Über die Anfänge des Netzwerks

Über die Anfänge des Netzwerks:

Das verflixte siebente Jahr liegt hinter uns. Zwei unserer „Gründermütter“, eine ehemalige Sprecherin und Barbara aus der Nordwestgruppe, erinnern sich an die Anfänge des Netzwerks und beschreiben, welche Bedeutung das NkaL heute für sie hat.

Katholisch und lesbisch - es ist möglich.

Das war die Gründungsidee des NkaL und sie hat mir (und sicher auch anderen Frauen) geholfen, alles, was mich als Person ausmacht, an mir wahrzunehmen und schätzen zu lernen.

Wenigstens einen Ort zu haben, an dem ich ganz ich selbst sein kann, ist ein wichtiger Schritt auf dem Weg, mehr und mehr ich selbst zu sein an immer mehr Orten. Dass die katholische Kirche als Institution sich mit dem Thema Homosexualität auseinandersetzen würde, ist eine Hoffnung geblieben, hat aber für mich an Stellenwert eingebüßt. Meine eigene Spiritualität zu entwickeln und zu pflegen, eine Gott-Sucherin zu sein aus all dem Reichtum der spirituellen Überlieferung der katholischen Kirche - das scheint mir heute der Weg zu sein, der mir mehr hilft als irgendeine institutionelle"Genehmigung", so sein zu dürfen, wie mich Gott gewollt hat. Möge das NkaL ein Ort sein, werden und bleiben, an dem der so verschüttete katholisch-spirituelle Reichtum wieder ans Licht kommt und seine heilende Wirkung entfalten kann!

 

  Barbara Brosch:

Wie alles anfing mit dem NkaL: 1996 im Dezember fuhr ich das erste Mal zu dem großen Kirchenlesbentreffen nach Bad Boll. Ein für mich in jeder Hinsicht sehr aufregendes Unterfangen. Ich kannte niemand.· Außer einer Frau, die eigentlich keine Teilnehmerin war, sondern ihre Kunstprodukte auf dem Markt verkaufte. Großes Erstaunen ihrerseits: was machst Du denn auf einem Treffen von Kirchenfrauen ?

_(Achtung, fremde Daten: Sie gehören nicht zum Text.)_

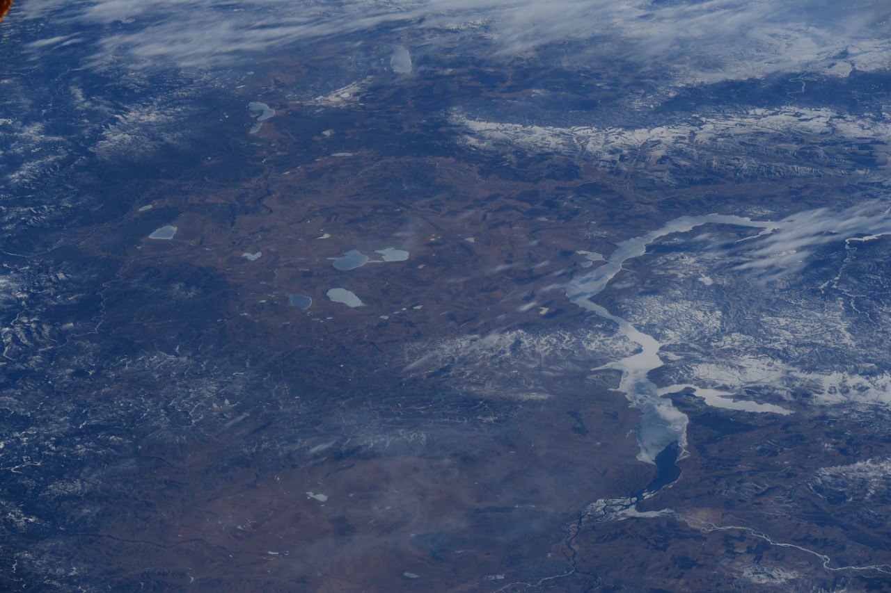 Красноярский космонавт Кирилл Песков показал Красноярский край из космоса. На фото угадываются озера Хакасии и Красноярское водохранилище.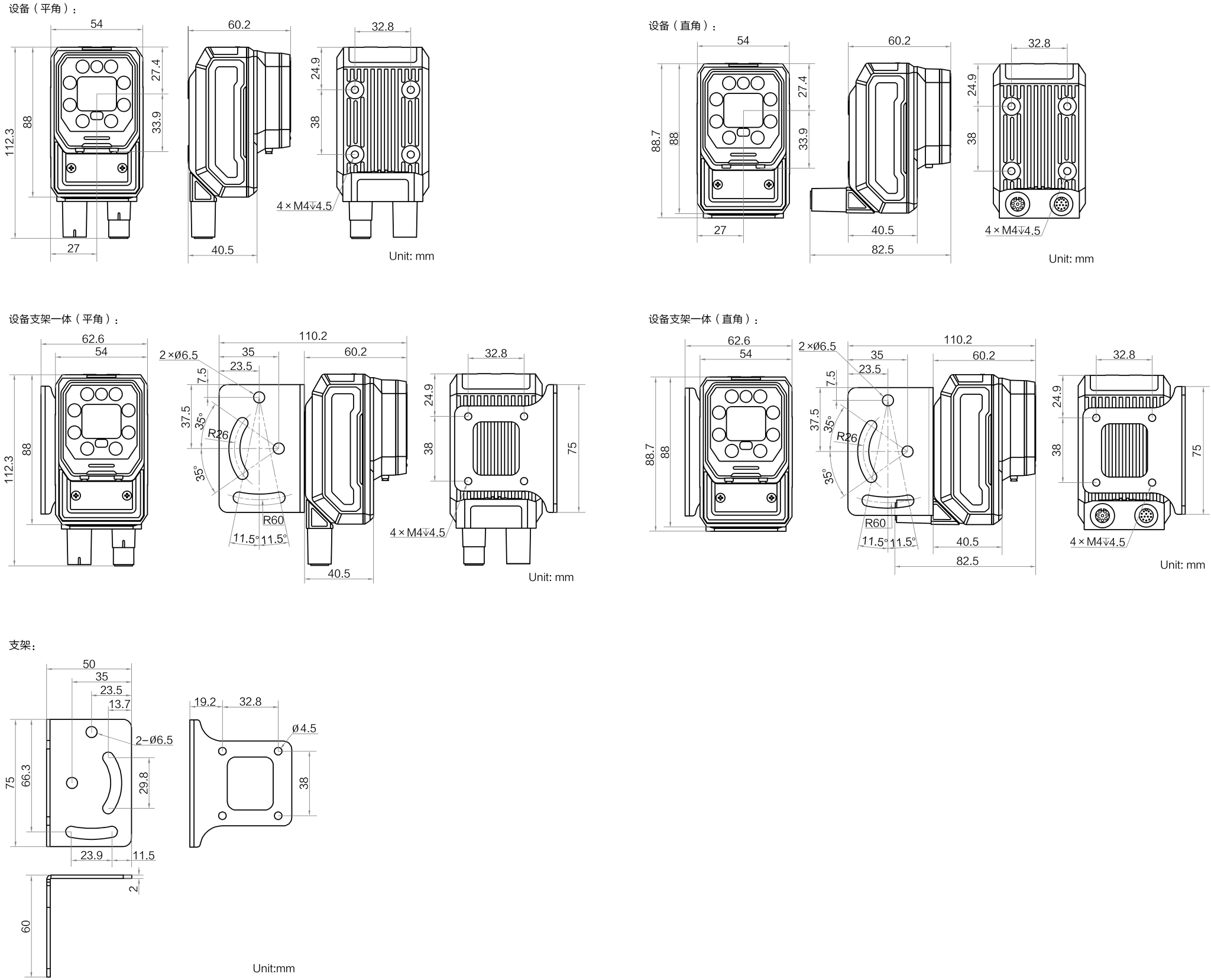 外形尺寸 | 平角:112.3 mm × 54 mm × 60.2 mm 直角:88.7 mm × 54 mm × 82.5 mm |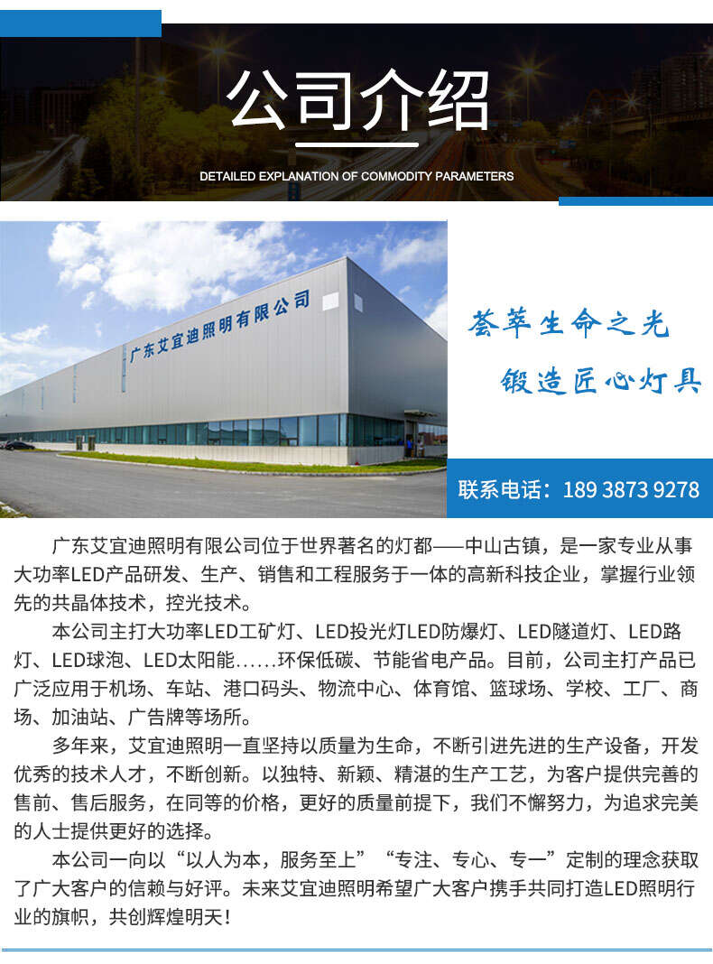 广东艾宜迪照明有限公司是一家成立于2014年,集生产、研发、销售及售后服务于一体的节能照明灯具生产企业,注册资本伍仟万元人民币,位于广东江门市,有一流的研发队伍,专注产品创新,集研发、生产、销售为一体,主要产品是LED、节能灯及相关灯具,成功入选2017中国品牌升级行动计划和入选CCTV信用中国栏目,是国家高新技术企业,获得广东著名商标,有3C认证、节能认证、CE认证、SAA认证、防爆认证。艾宜迪照明拥有完善的质量管理体系,通过了ISO9001:2008国际质量体系认证。艾宜迪照明生产的球泡灯、防爆灯、LED灯、LED灯具品质优良,自产自销模式。产品通过了CE、3C、节能、防爆等认证。产品规格齐全,功率涵盖范围广,几乎可以满足工业、商业和市政照明的全部领域。可从事合同能源管理、政府和社会资本合作项目(PPP)。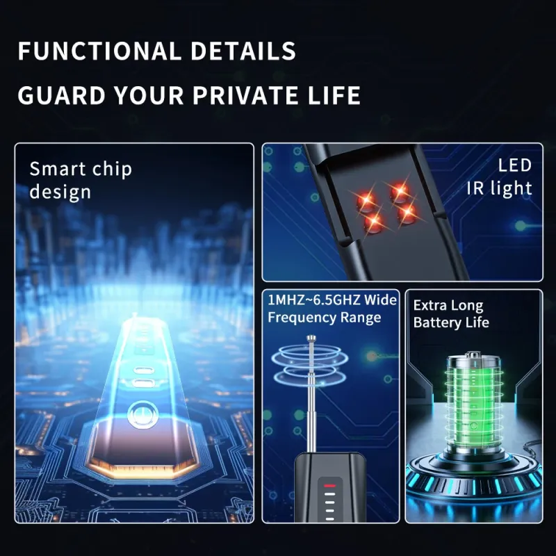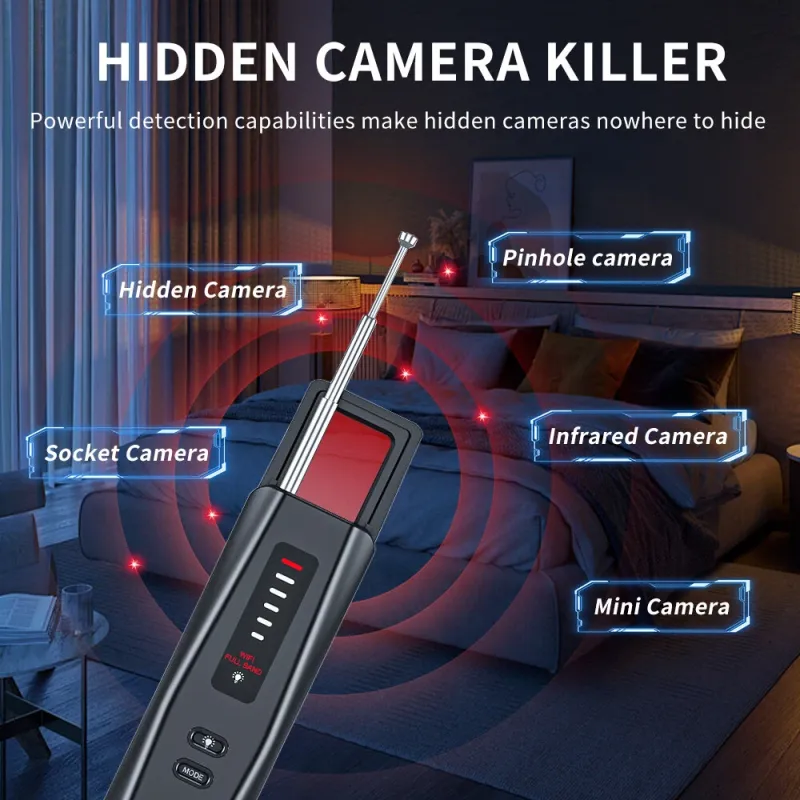 Multi-functional Camera Detector 500mAh 1MHz-6.5GHz Small Camera Finder Adjustable Sensitivity Portable Anti-Snooping Device Type-C Rechargeable Battery Long Battery Life

Das war eine gute Frage, hatte ich doch mit Kirche rein gar nichts am Hut: seit Ewigkeiten ausgetreten und fest in der feministischen Projektewelt verankert.

Und dann die Einladung einer Pastoralreferentin auf dem Plenum, ob es nicht an der Zeit wäre, dass sich die katholischen Frauen mal separat treffen, um zu schauen, was sie in ihrer Kirche bewegen wollen. Ich gehe hin. Wir sind ein winziger Kreis von acht Frauen. Ich fühle mich irgendwie fehl am Platz, wollte ich doch in dieser Kirche nichts bewegen. Eine sagt mir auf meine Zweifel: bleib ruhig hier, auch Dein Blick und Deine Erfahrungen können uns bereichern.

Zum ersten NkaL-Treffen nach München bin ich nicht gefahren, das war denn doch von Norddeutschland zu weit. Aber die Beitrittserklärung habe ich ausgefüllt.

Jahre später fragt mich eine Freundin, was ich zu der und der Äußerung vom Papst sage. Wie bitte, wieso fragst Du mich, frage ich erstaunt. Ihre ebenso erstaunte Antwort: Aber Du bist doch katholisch organisiert!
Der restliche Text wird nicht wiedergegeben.